Horror rape must force us to face hard truths

2012-04-21 09:10

 A 17-year-old girl from Dobsonville in Soweto became the symbol of South Africa’s rape shame this week.

The girl, described in reports as having the mental capacity of a five-year-old, was filmed being raped by a group of boys and young men in a Dobsonville field. When they were finished, they offered her R2 in exchange for her silence.

What happened to this girl is not unusual.

South Africa’s rape statistics are an annual horror story – the stark numbers on police slide shows, a silent testament to the tens of thousands of women who are able to report their rapes each year. Tens of thousands more are not able to report them – through fear, or because they do not know how.

Having been violated once, they cannot face police officers, prosecutors, their rapist and risk more violation.

The Dobsonville teenager may never have reported this rape.

A resident caught her daughter watching the video of the gang rape, laughing as she did.

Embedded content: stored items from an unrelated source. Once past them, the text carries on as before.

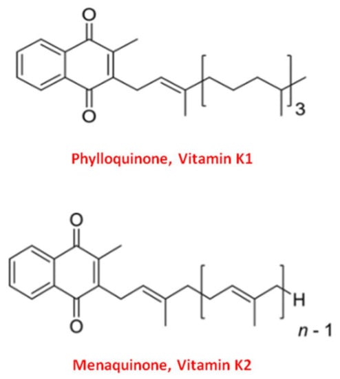 Vitamin K naturally exists in two main forms: Vitamin K1 and Vitamin K2 [37]. Structurally both shared the central 2-methyl-1,4 naphthoquinone ring, named “menadione”, with a side chain on the menadione 3-carbon position [32].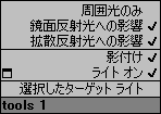 単一のライト オブジェクトがシーン内で選択されている場合、ビューポートのライト用のクアッド メニューの[ツール 1](Tool 1)(左上)が表示されます。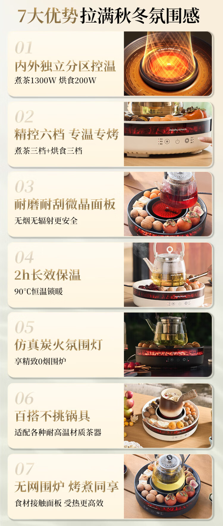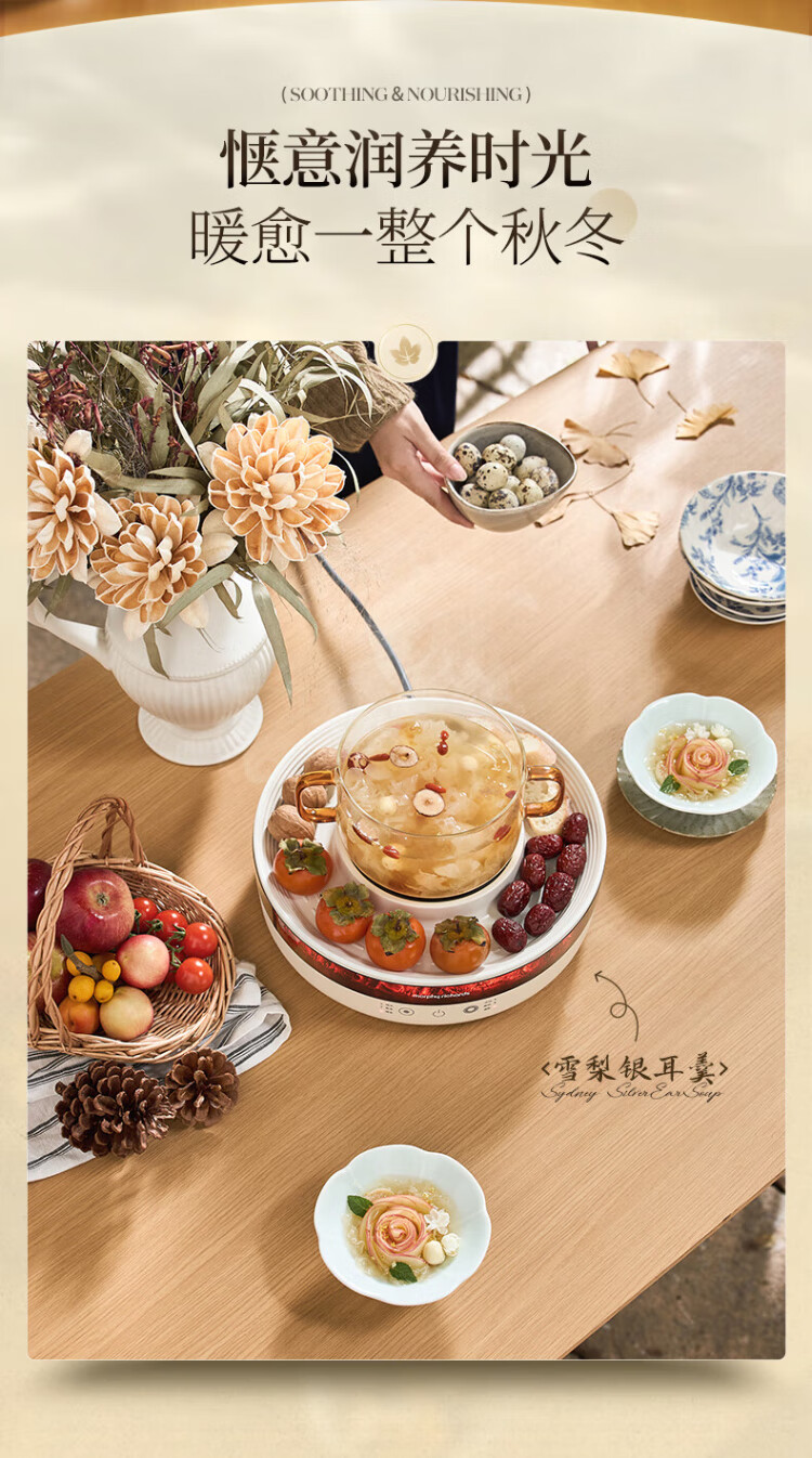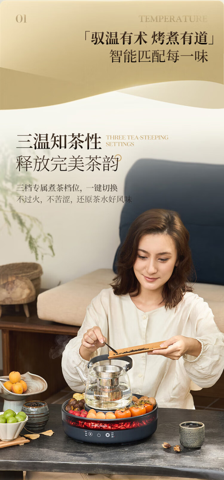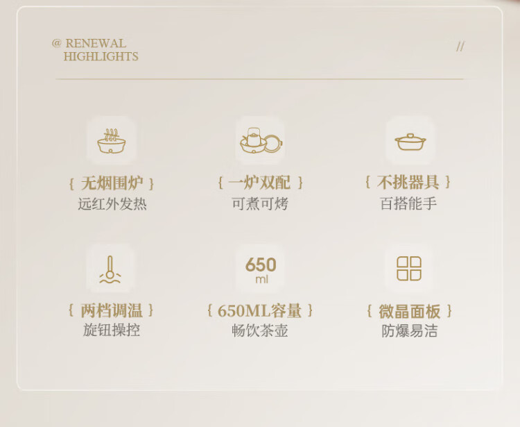 Mofei Electric Fireplace Tea Cooking Set Health Kettle Full Glass Kettle Tea Kettle Constant Temperature Kettle Tea Cooking Equipment Tea Stove Electric Tea Stove Electric Ceramic Stove MR6096-Coconut Milk White 0.8L
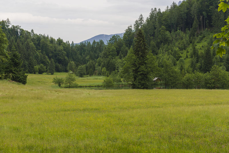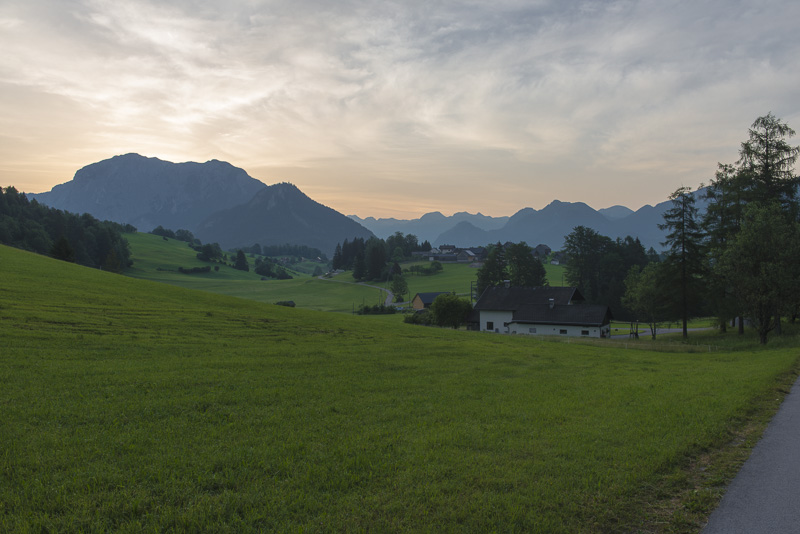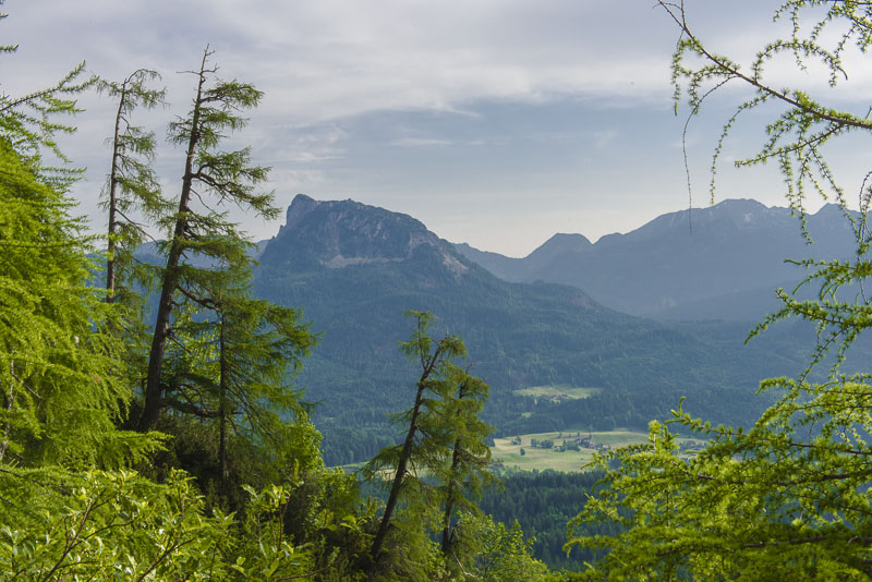 Ich wandere über die große Hochfläche, auf der auch unser Hotel steht. Blick Richtung Grundlsee (hinter den hinteren Häusern verborgen) und Totes Gebirge. Links die Trisselwand (1.754 m) mit dem kegelförmigen Tressenstein (1.201 m) davor.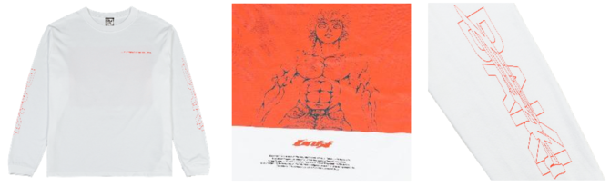 『刃牙』シリーズより、"範馬 刃牙"の印象的なシーンをプリントしたLong Sleeve T-shirts。腕部分にオリジナルのロゴプリント。ボディは5.6オンス。プリントはシルクスクリーンプリント。

The horrified woman confiscated her daughter’s cellphone and took it to reporters at Daily Sun.

It was their initial report, and the fact that the police were finally notified, that catapulted this teen’s horrific ordeal into the public eye.

Now that we are looking, now that our eyes are firmly focused on this tragedy, it is important that South Africans refuse to look away.

We must continue to gaze, unflinchingly, at the mirror this incident holds up to our society: a girl in need of special care, a mother who seems unable to give her daughter the support she needs, and neighbours who claim they knew the girl had been abused before, but who did nothing.

A group of boys, City Press has been told, saw the vulnerable teenager as an easy way to lose their virginity. They saw her sexuality as a challenge, or perhaps a threat.

We live in a society that has made it acceptable, and perhaps even desirable, for men to assert their masculinity in the most brutal way imaginable. We are not only failing the country’s women and girls, but its men and boys.

A range of factors – absent fathers, a dearth of strong leadership on gender issues, political and religious leaders too slow to condemn violence against women – have led us here.

It is possible, though, to turn the tide. It will require bravery and hard work, and difficult conversations. It will mean South Africa’s men will have to stop making excuses for each other and start calling each other out on bad language, bad behaviour and bad attitudes towards women.

We owe the Dobsonville teen nicknamed “Jackpot” that much.